● **The problem**
Line by line, transcribe the data below exactly and pass over the images.

● **Source data**
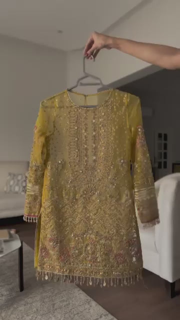 Introducing ‘Sera’ - A timeless blend of elegance and vibrancy, Sera is crafted for the woman who shines. This stunning ensemble features a luminous yellow shirt on sheer organza, adorned with delicate embroidery that dances across the fabric with every move. Paired with a graceful gharara, Sera embodies a harmonious mix of tradition and modernity. The outfit is completed with a screen-printed dupatta, adding a touch of intricate charm that elevates the look further.
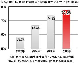近年、成果主義人事制度への移行、ITによる業務内容の変化、雇用不安感や業務量の増加など、急激な労働環境の変化によって職場におけるメンタル不調者は増加しており、77.2%の上場企業が心の病で1ヶ月以上休職中の従業員を抱えております。(財団法人日本生産性本部「産業人メンタルヘルス白書」2009年版調べ)
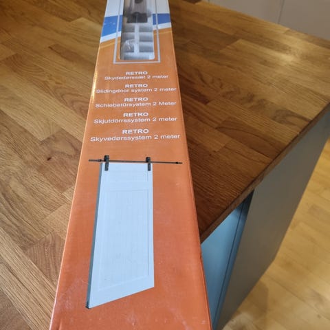 Skydedørssæt - aldrig brugt. Dørplade skal købes seperat.
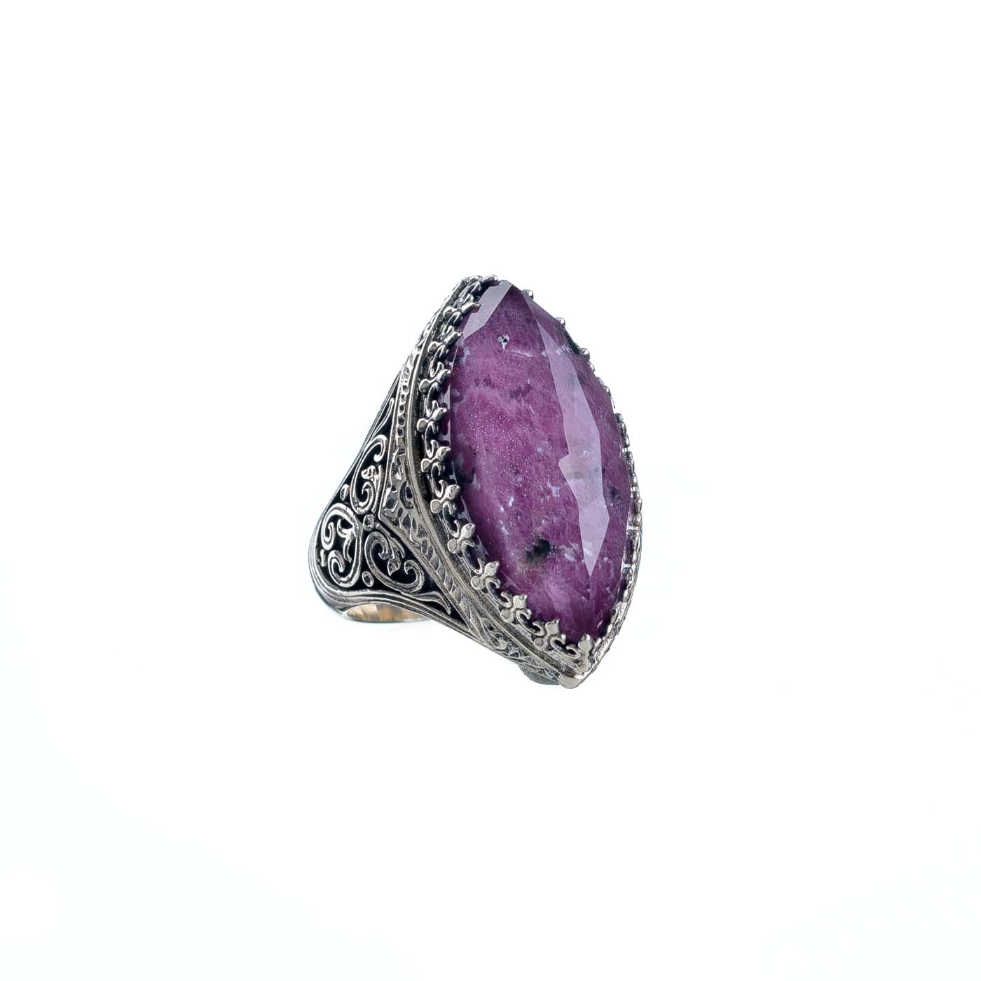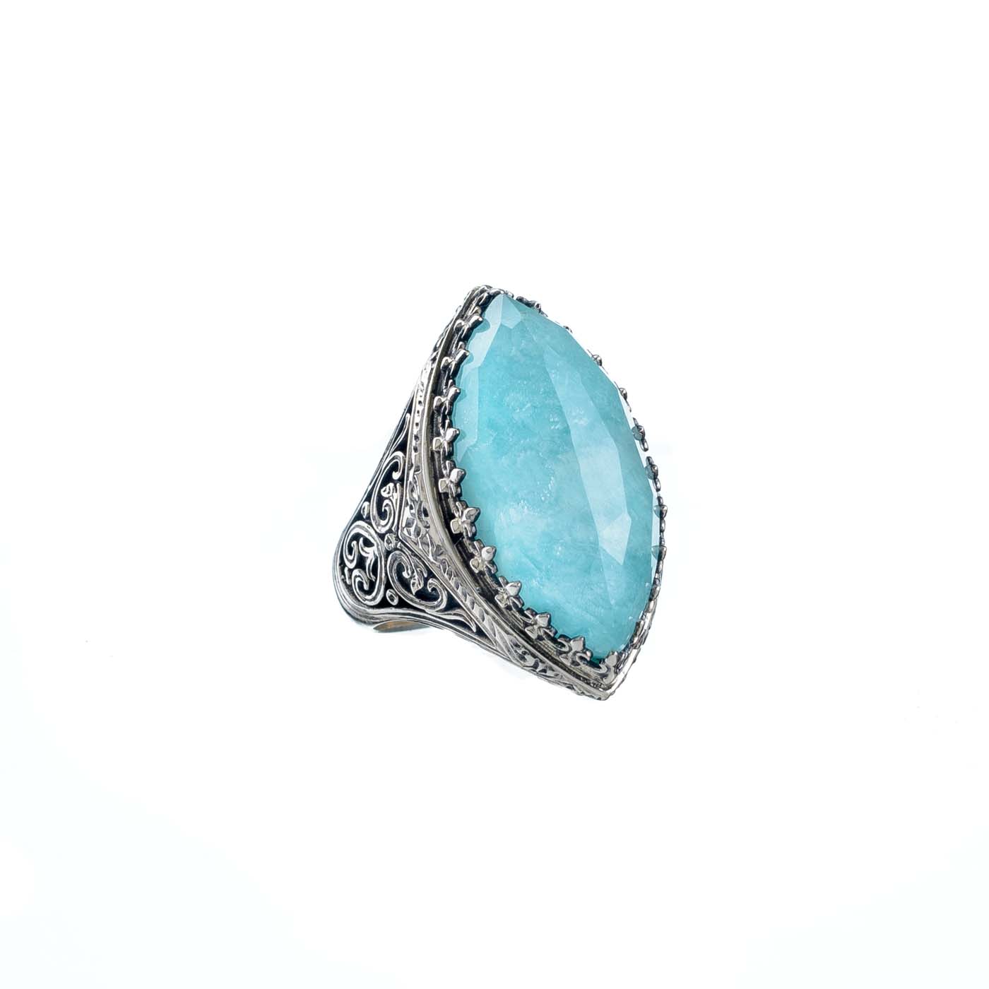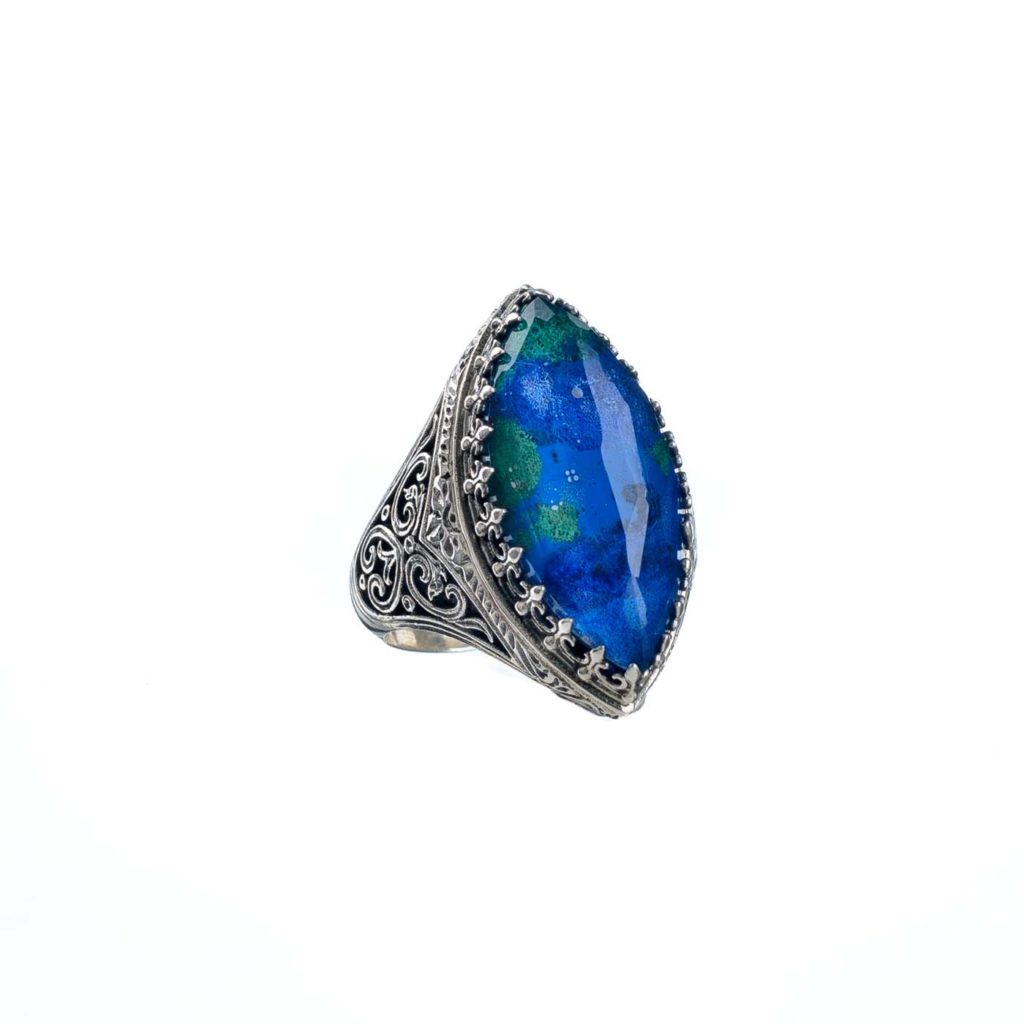 Greek Jewelry, Color Navette Ring in Sterling Silver 925

● **Answer to this problem**
 Introducing ‘Sera’ - A timeless blend of elegance and vibrancy, Sera is crafted for the woman who shines. This stunning ensemble features a luminous yellow shirt on sheer organza, adorned with delicate embroidery that dances across the fabric with every move. Paired with a graceful gharara, Sera embodies a harmonious mix of tradition and modernity. The outfit is completed with a screen-printed dupatta, adding a touch of intricate charm that elevates the look further.
近年、成果主義人事制度への移行、ITによる業務内容の変化、雇用不安感や業務量の増加など、急激な労働環境の変化によって職場におけるメンタル不調者は増加しており、77.2%の上場企業が心の病で1ヶ月以上休職中の従業員を抱えております。(財団法人日本生産性本部「産業人メンタルヘルス白書」2009年版調べ)
 Skydedørssæt - aldrig brugt. Dørplade skal købes seperat.
 Greek Jewelry, Color Navette Ring in Sterling Silver 925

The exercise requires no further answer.